Landlords seeking recourse to a bank guarantee will now have to demonstrate that they have an arguable claim rather than satisfying the more subjective test of establishing a bona fides belief in a claim.
FMT and its joint venture partner were engaged by Sydney Ports Corporation to design, manufacture and supervise the construction of a gangway at the Overseas Passenger Terminal in Circular Quay, Sydney.
On 20 June 2007, the parties entered into a Contract for the works in the form of AS4910-2002.
FMT provided a bank guarantee in the amount of $390,000 pursuant to the Contract which was expressed to expire on 31 July 2010. On 9 July 2010, Sydney Ports call upon the bank guarantee for liquidated damages and damages for defective workmanship it claimed were due under the Contract.
Clause 5.2 of the Contract provides as follows:
‘The Purchaser [Sydney Ports] may have recourse to security where the Purchaser has any claim or entitlement to payment of damages, costs or an amount of debt due by the Contractor [FMT] to it under this contract’.
Justice Pembroke held that although it is ‘tempting’ to make generalised statements about the interpretation of clauses entitling a party to claim upon a guarantee, it is important that each clause be interpreted on its own construction. To this end, the Court carefully examined clause 5.2 of the Contract and determined that the word ‘entitlement’ was used specifically to broaden the circumstances in which Sydney Ports would have recourse to the security.

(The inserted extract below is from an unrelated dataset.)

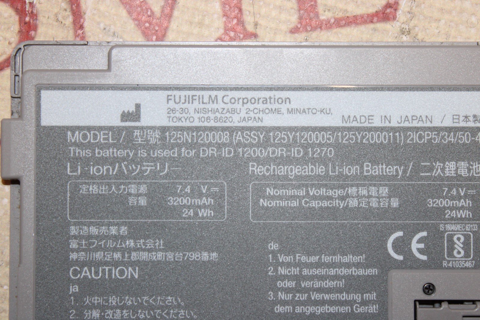 Fujifilm 125N120008 Rechargeable Li-ion Battery for DR-ID 1200 DR-ID 1270

Courts have previously interpreted the use of the word ‘claim’ in clauses such as 5.2 of the Contract as requiring only a ‘mere honest or bonafide belief in a claim’ to be able to call upon the performance guarantee . However, Justice Pembroke held that this test was too subjective and that more was required despite having already established that the phrase ‘claim or entitlement’ was specifically used to broaden the circumstances in which Sydney Ports would have recourse to the guarantee.
The more appropriate test was found to be whether Sydney Ports had ‘an arguable claim – one that is not specious, fanciful or untenable’.
As an aside, Justice Pembroke also observed that it is not necessary to quantify a claim for damages in order to be entitled to have recourse to the security. This is a matter for determination at a later stage.
This case highlights the importance of carefully worded guarantee provisions in all Contracts where a performance guarantee is required. In particular, parties should consider whether the guarantee provisions in otherwise ‘standard’ form Contracts is suitable to their requirements.
Landlords should now think twice before claiming upon a bank guarantee. They should ensure that they have an ‘arguable claim’ to do so, rather than a ‘mere honest belief’ in a claim.